Let us denote by $$n$$ the number of independent tosses of a fair coin we plan to make. Because the coin is fair, the probability of getting a head in a single toss is $$\dfrac12$$, and the probability of getting a tail is also $$\dfrac12$$.

We wish to find the smallest $$n$$ for which the probability of obtaining at least one head exceeds $$99\%$$, that is, is greater than $$0.99$$.

Instead of counting heads directly, it is easier to count the complementary event: “no head at all”, which means all tosses show tails. The rule of complementary probability states

$$P(\text{at least one head}) \;=\; 1 \;-\; P(\text{no head}).$$

For $$n$$ independent tosses, getting a tail every time has probability

$$P(\text{no head}) \;=\; \Bigl(\dfrac12\Bigr)^n,$$

because we multiply $$\dfrac12$$ with itself $$n$$ times.

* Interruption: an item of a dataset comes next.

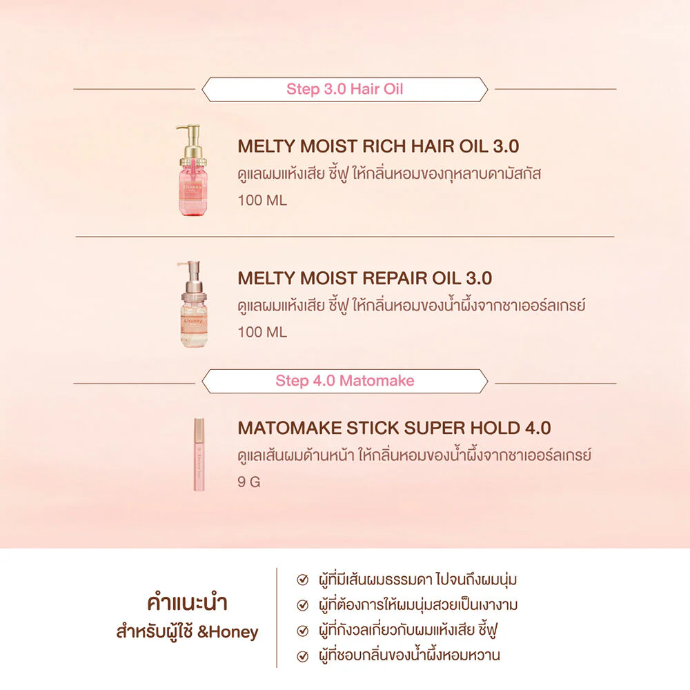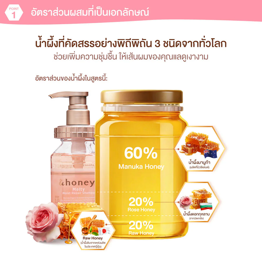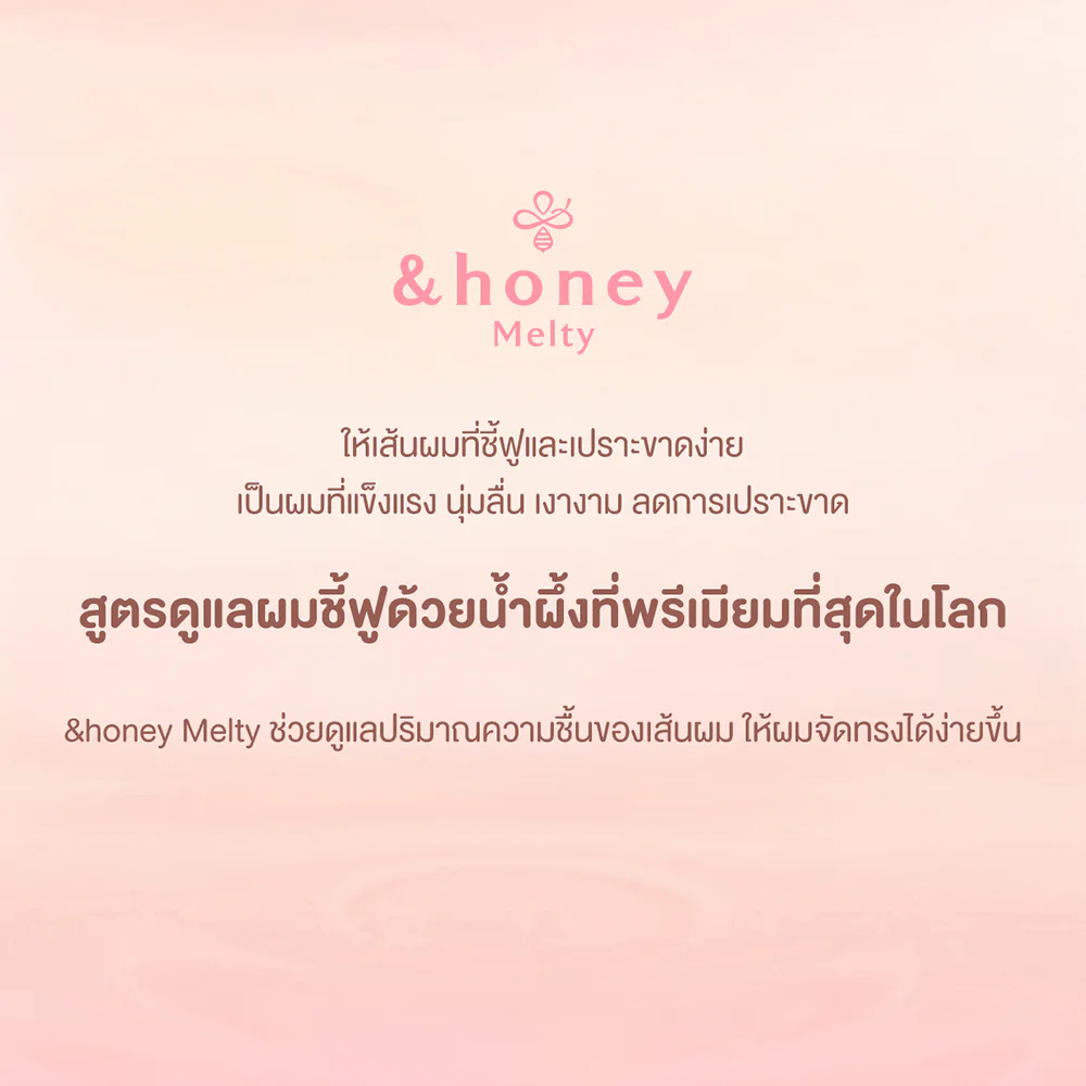 &honey Melty Moist Repair Hair Pack 130g Hair Pack cares for hair, helps maintain the moisture balance of hair to be healthy and specifically solves the problem of frizzy hair. It combines 3 types of honey in natural golden proportions, giving off the fragrance of honey from Oriental roses, the most premium honey in the world, to make hair that is frizzy and brittle become strong, soft, smooth and shiny again.

Hence, using the complementary rule,

$$P(\text{at least one head}) \;=\; 1 \;-\; \Bigl(\dfrac12\Bigr)^n.$$

The requirement that this probability be more than $$99\%$$ translates to the inequality

$$1 \;-\; \Bigl(\dfrac12\Bigr)^n \;>\; 0.99.$$ Subtracting $$1$$ from both sides and changing the sign gives

$$-\Bigl(\dfrac12\Bigr)^n \;>\; -0.01,$$

which simplifies to

$$\Bigl(\dfrac12\Bigr)^n \;<\; 0.01.$$

To solve for $$n$$, we take logarithms. Stating the logarithm rule first: for any positive number $$a$$ and any base, $$\log(a^n)=n\log a.$$ Applying this rule, we write

$$\log\!\Bigl(\Bigl(\dfrac12\Bigr)^n\Bigr) \;<\; \log(0.01).$$

Using the logarithm rule mentioned above, we obtain

$$n\,\log\!\Bigl(\dfrac12\Bigr) \;<\; \log(0.01).$$

Now, $$\log\!\Bigl(\dfrac12\Bigr)$$ is negative (since $$\dfrac12<1$$). Dividing by a negative number reverses the inequality sign. Hence,

$$n \;>\; \dfrac{\log(0.01)}{\log\!\bigl(\dfrac12\bigr)}.$$

We evaluate the logs in base 10 for convenience:

$$\log_{10}(0.01) \;=\; -2,$$

$$\log_{10}\!\Bigl(\dfrac12\Bigr) \;=\; \log_{10}(1) - \log_{10}(2) \;=\; 0 - 0.3010 \;=\; -0.3010.$$

Substituting these numerical values, we have

$$n \;>\; \dfrac{-2}{-0.3010} \;=\; \dfrac{2}{0.3010} \;\approx\; 6.644.$$

The inequality demands $$n$$ be strictly greater than $$6.644$$, so the smallest integer satisfying it is

$$n = 7.$$

Therefore, we must toss the fair coin at least seven times to make the probability of getting at least one head exceed $$99\%$$.

Hence, the correct answer is Option D.